Un vulcano (il Vulture), un verso del venosino Orazio («nunc est bibendum»), un primato di Potenza sulla celebratissima Matera. E una generazione in rosa di trenta-quarantenni che si affaccia

POTENZA – «L’Aglianico è il Barolo del Sud»: era una formula (nemmeno tanto amata dai produttori, peraltro) ma con gli anni sta diventando realtà.
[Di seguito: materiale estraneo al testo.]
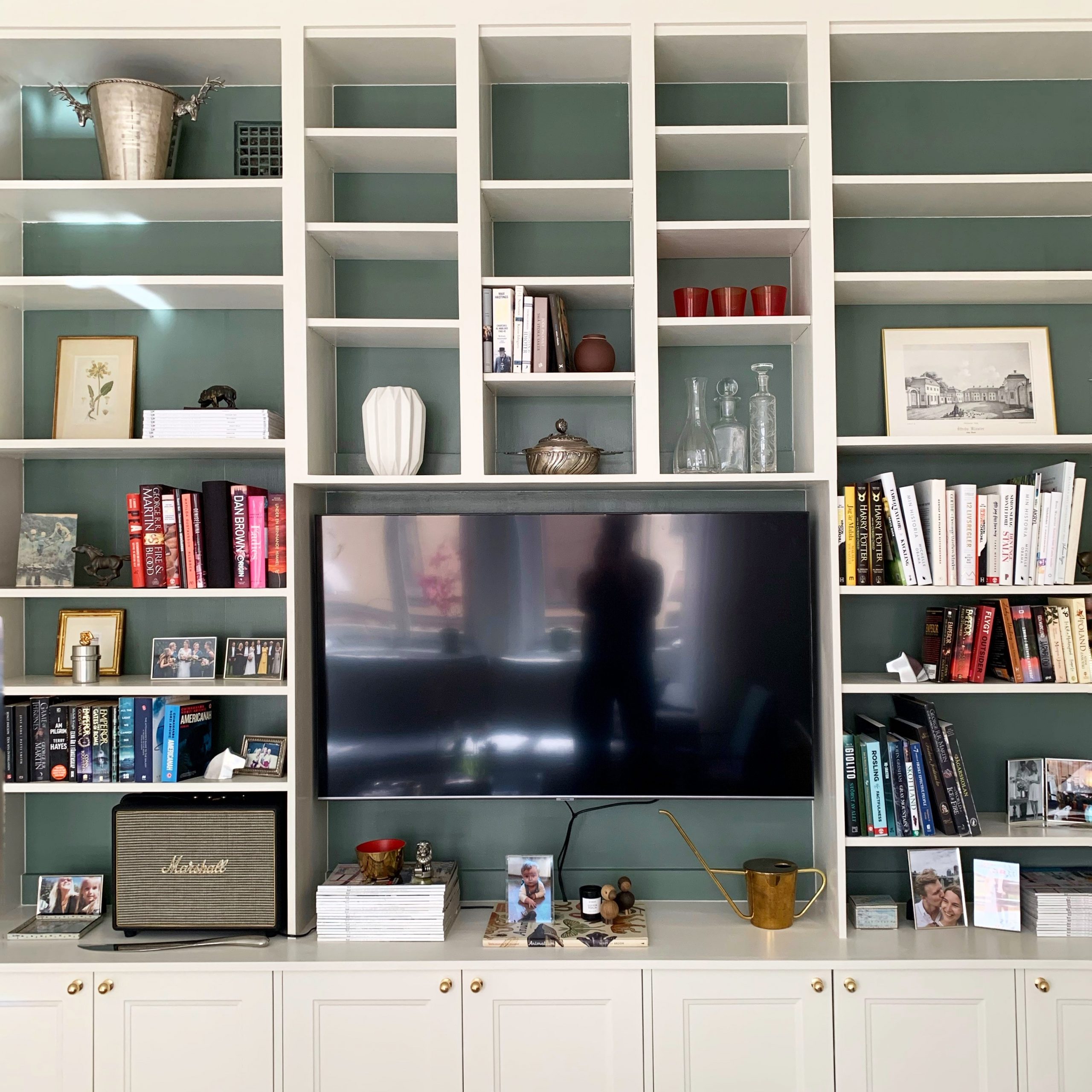 Platsbyggd bokhylla och tapetsering.

Nella Basilicata del petrolio e dell’automotive le nuove generazioni tornano alla terra, spesso prendono le redini delle aziende di famiglia dopo gli studi fuori, puntando su territorio, qualità, marketing e – non ultimo – sul traino di Matera 2019.

 Ma se si parla di vino, per una volta sono Potenza e la sua provincia a primeggiare con il loro rosso, benché la città dei Sassi e il suo circondario esprimano una Doc in continua crescita.

 Per il vino lucano, a un crescente interesse su scala nazionale si aggiunge un rafforzamento dell’export, con i nuovi mercati – Usa e Regno Unito, Giappone e Australia, “Cindia” ovvero la sconfinata platea di Cina e India – ad ampliare un orizzonte già esteso.

 Intanto, l’ultima conferma: i grandi Aglianico erano i protagonisti assoluti il mese scorso al Vinitaly   in compagnia dei produttori, presentati da Ian D’Agata, direttore scientifico della Vinitaly International Academy, in «un viaggio lungo le pendici del vulcano a partire da Rionero e Barile per arrivare nelle terre più rosse di Maschito e Venosa», la città di Orazio con il suo «nunc est bibendum», non a caso claim dello stand lucano composto da 28 espositori che hanno richiamato oltre 4mila presenze.  

 LE MAGNIFICHE DIECI

 La chiamano già la carica dei trentenni. Pardon: delle trentenni. Ecco 10 storie di donne vulcaniche che in Basilicata significano vino, e che confermano ciò che Paola Mura ha raccontato pensasse Luigi Veronelli: le donne esperte di vino sono avvantaggiate avendo innata la cultura dei profumi…

 In Basilicata c’è chi ha fatto rinascere i vigneti impiantati decenni fa dai parenti, ci sono la divulgatrice e l’organizzatrice di eventi enoturistici, e ancora l’imprenditrice di terza generazione tornata all’azienda di famiglia dopo la laurea alla Luiss o quella che ha preferito la Lucania felix alla sua Toscana.

 Viene da Melfi, città federiciana nel cuore del Vulture, Sara Carbone, che vive a Pordenone mentre il fratello Luca segue l’azienda: «Siamo cresciuti tra vigneti e l’odore del mosto che fermentava – racconta –. Luca ed io avevamo un sogno: tornare a produrre il vino dalle uve di quei magnifici vigneti impiantati negli anni 70 dai nostri genitori. Beh, ci siamo riusciti e ne siamo orgogliosi».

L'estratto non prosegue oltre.